她看不清宋益平,也不明白此刻的他究竟是真情还是假意。
第二天,她收拾好行李,去了学校。
临走前,她在家里的几个角落上安装了针孔摄像头。
每天下了晚自习,她就会去手机上查看监控。
她看到,宋益平每天都会带不同的女人回家。
在那些不堪入耳的对话中,她逐渐拼凑起那个真实的宋益平。
自私的、虚伪的,与她印象中那个温和良善的父亲大相径庭。
一周当中,有将近一半的时间,她都能听到宋益平在床笫之间对她妈妈曾黎的侮辱谩骂。
她渐渐明白,宋益平的痴情是假的,老实敦厚也是假的。
那种最初的爱情在异地的磋磨中,逐渐演变成了恨。
宋益平恨曾黎,但宋益平爱曾黎的钱。
他不舍得离婚并不是因为在意她或宋砚舟其中任何一个人,而是想要抓住曾黎的把柄,借机分取到更多的离婚财产。
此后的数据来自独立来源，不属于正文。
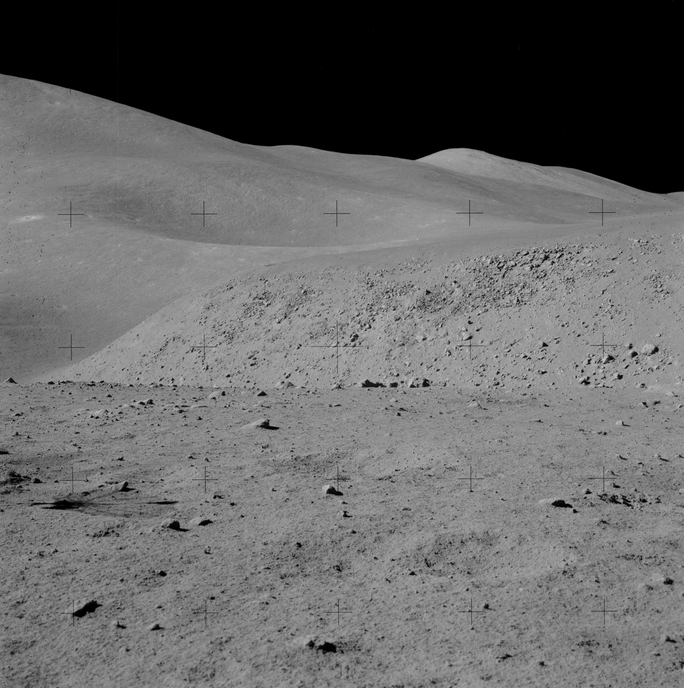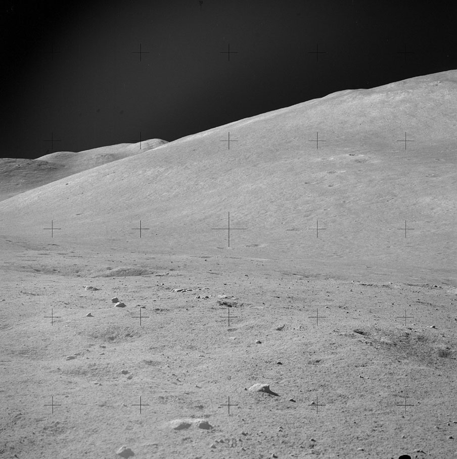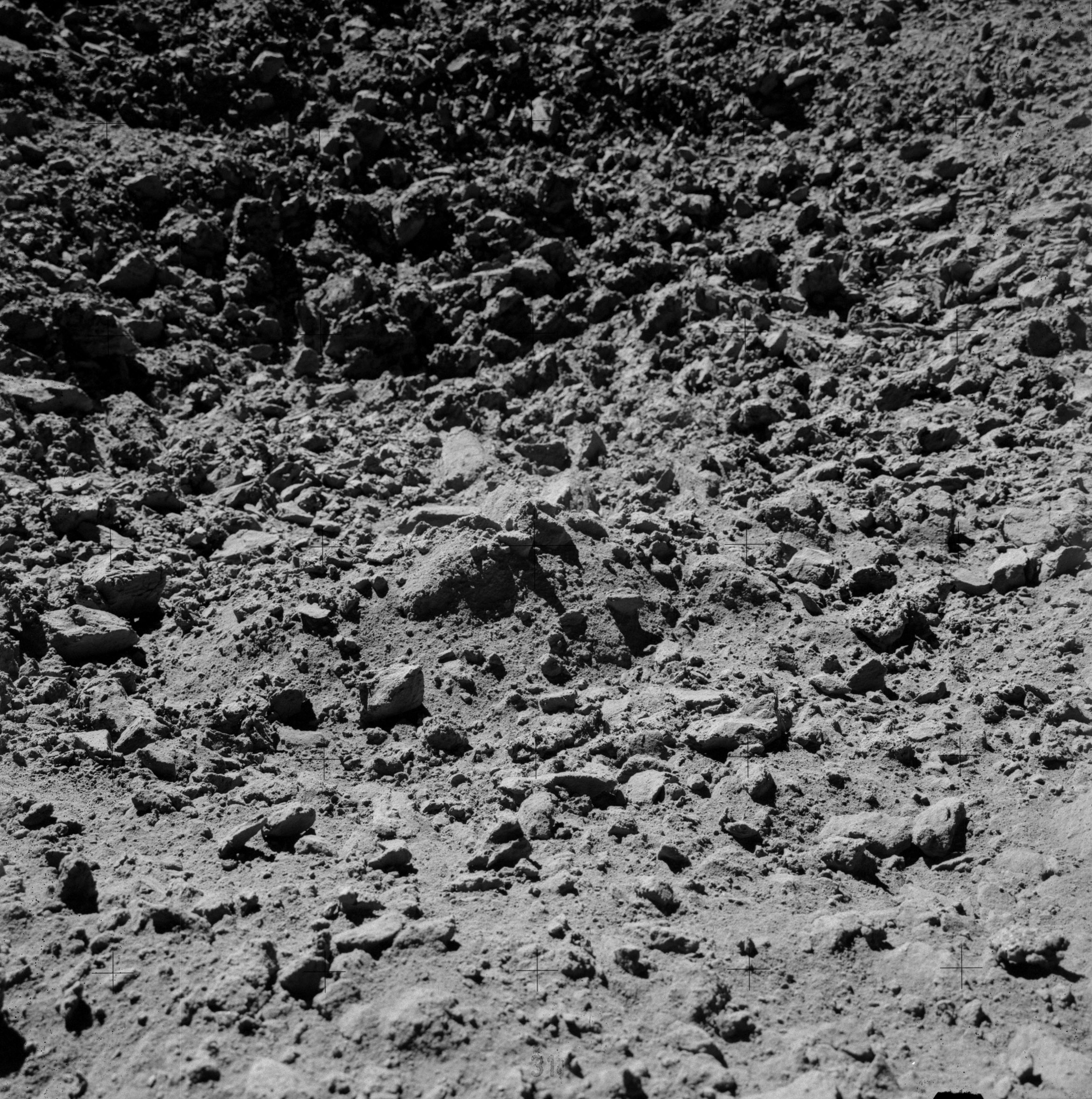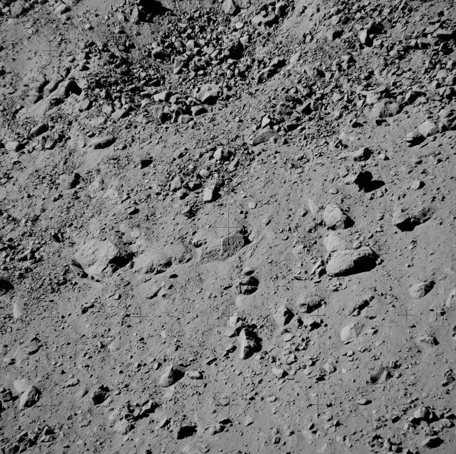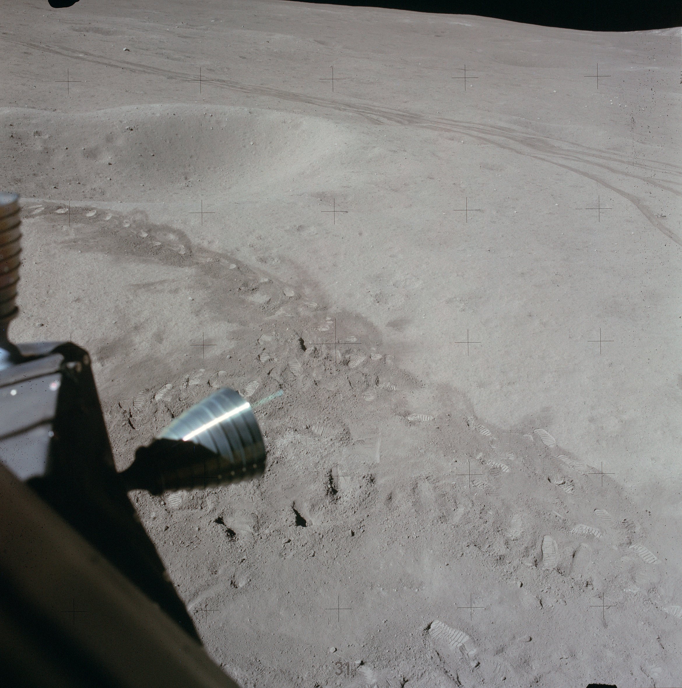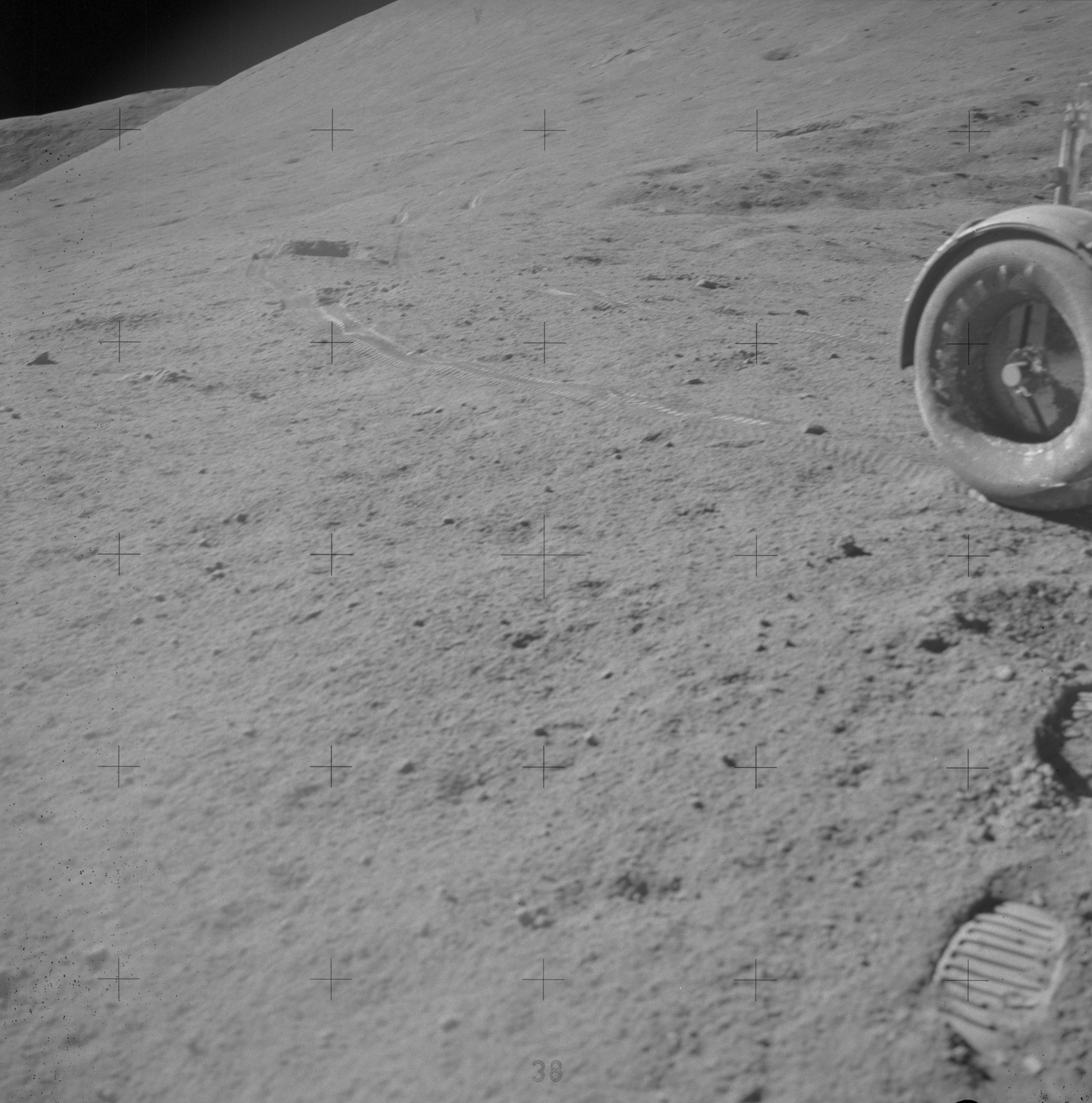 Stephen Tellier scanned a portion of Pan Camera frame 9798, which was taken during CSM Rev 38 at about 151:37. At that time, Dave and Jim were in the LM after the completion of EVA-2. A prominent feature of this image is the darkening of the soil around the LM and along a corridor extending from the LM toward 11 o'clock. See a comparison with frame 9377 by Markus Mehring, who has processed the images to account for differing orientations, different scales due to differing CSM-LM ranges, and different foreshortening due to differing CSM elevation angles. As Jack Schmitt discusses in the Apollo 17 commentary, the surface around the LM became brighter after being swept by the descent engine exhaust. As can be seen in photos taken on the surface, areas subsequently disturbed by the astronauts became relatively dark again. At locations relatively far from the LM, disturbed soil had the same brightness as undisturbed soil, another indication of brightening due to the engine exhaust.Rev. 50 Pan Camera 9809, North Detail ( 332k )

宋南汐起初还能面无表情地去看那些监控,可后来,一看到宋益平的画面甚至听到宋益平的声音,她就感到生理性反胃。
那之后,她甚至对身边所有异性的接触都感到不舒服。
最严重的一段时间,只要有异性靠近她,她就会恶心想吐,浑身发抖,有几次还发起了高烧。
有一次,她直接烧的昏了过去。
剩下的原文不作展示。